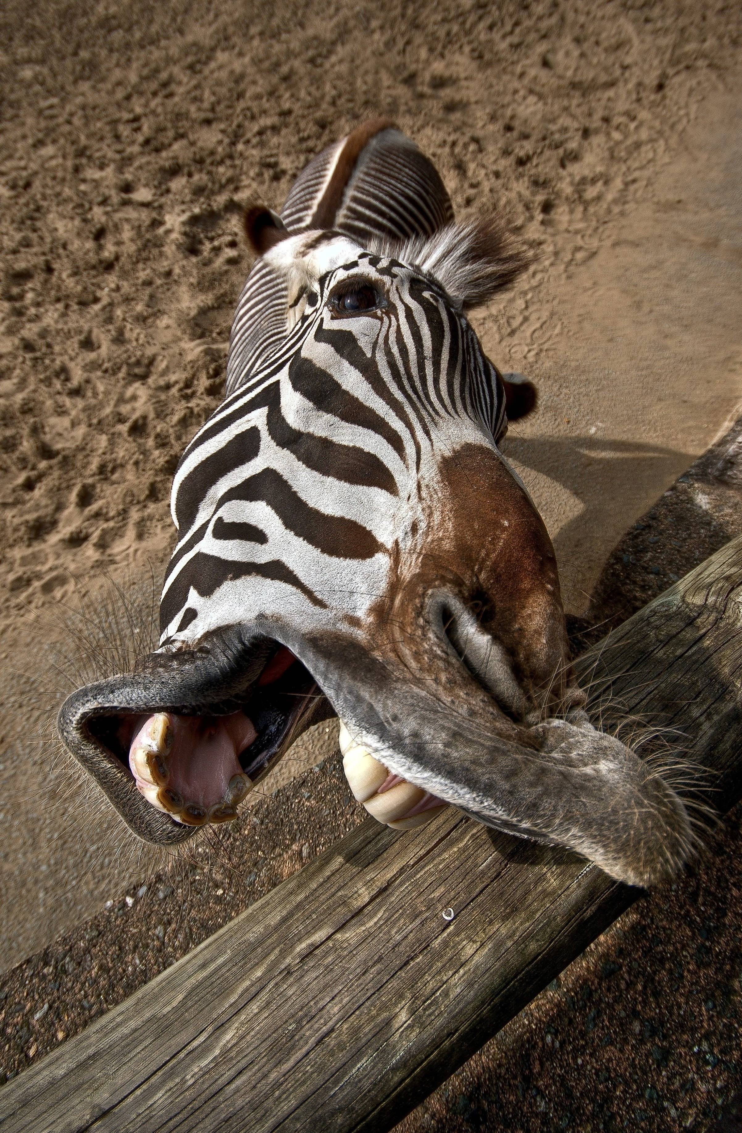| A wide-mouthed zebra that puts its sturdy incisors and fleshy gums on full display, twisting its snout into a grotesque snarl. Stripes and gums captures a raw, undignified side of the animal that shatters its usual graceful poise. |
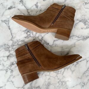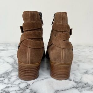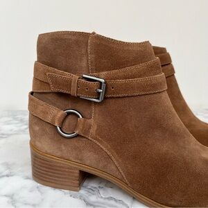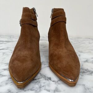 Marc Fisher Yatina brown suede ankle boots pointed toe buckles size 8 in excellent condition, no flaws. These appear to have never been worn
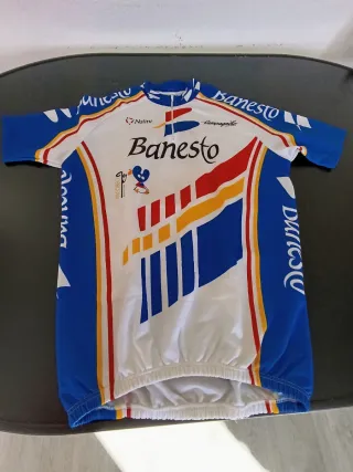 Maillot de ciclismo del equipo Banesto. Diseño icónico con los colores del equipo. - Marca: Nalini - Patrocinadores: Banesto, Campagnolo - Diseño: Blanco, azul, rojo y amarillo

====================

Your objective → The listing must be returned in full and exactly, apart from its pictures.

Answer area →
| A wide-mouthed zebra that puts its sturdy incisors and fleshy gums on full display, twisting its snout into a grotesque snarl. Stripes and gums captures a raw, undignified side of the animal that shatters its usual graceful poise. |
 Marc Fisher Yatina brown suede ankle boots pointed toe buckles size 8 in excellent condition, no flaws. These appear to have never been worn
 Maillot de ciclismo del equipo Banesto. Diseño icónico con los colores del equipo. - Marca: Nalini - Patrocinadores: Banesto, Campagnolo - Diseño: Blanco, azul, rojo y amarillo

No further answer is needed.